ISO 10077-2:2012 Test case D.1 - Aluminium frame section with thermal break and insulation panel

QuickField simulation example

QuickField simulation of the test case "D.1. Aluminium frame section with thermal break and insulation panel" presented in ISO 10077-2:2012*

Problem Type
Plane-parallel problem of heat transfer.

Geometry

Frame width b = 110 mm

Given
Thermal conductivity of EPDM, λ1 = 0.25 W/K-m.
Thermal conductivity of polyamide 6.6 with 25% glass fiber, λ2 = 0.30 W/K-m.
Thermal conductivity of insulation panel, λ3 = 0.035 W/K-m.
Thermal conductivity of aluminium, λ4 = 160 W/K-m.
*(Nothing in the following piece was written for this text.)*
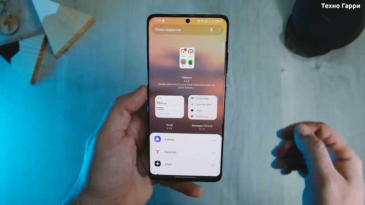 Теперь перемещаемся в панель виджетов. Касаемся на секунду в пустом месте главного экрана и выбираем меню Виджеты. Вот как оно теперь выглядит. Это больше похоже на исполнение Android 12, и на мой взгляд оно намного лучше, чем горизонтальное перелистывание виджетов по одному. что было у предыдущей One UI. Здесь мы можем найти нужный виджет через поиск, либо пролистать вниз.

Calculate two-dimensional thermal conductance L2D in accordance with ISO 10077-2:2012*.
Reference thermal conductance L2D = 0.550 W/K-m.

Solution
Air contact surface thermal resistance Rs is caused by convention mechanism of heat transfer (contrary to conductivity mechanism in case of two solid bodies in contact).
The convection coefficient value is reciprocal to the surface resistance value:
α20 = 1/0.13 W/(K·m²),
α0 = 1/0.04 W/(K·m²).

Thermal conductivities of air gaps are adjusted to include the convection and radiation heat transfers in real situation, and correlated with the actual temperatures on the gap contours according to the recommendation of ISO 10077-2:2012. Equivalent air gap conductivity calculations are automated in the accompanying Excel spreadsheet.

Results
Heat flux and temperature distribution in frame section profile:

Two-dimensional thermal conductance L2D = Heat flux per meter depth / Temperature difference = 11.09 / 20 = 0.555 W/(m*K).
Difference between the calculated and reference values is less than 3%. This simulation accuracy complies with the requirements of ISO 10077-2:2012.

* ISO 10077-2:2012 Thermal performance of windows, doors and shutters -- Calculation of thermal transmittance -- Part 2: Numerical method for frames.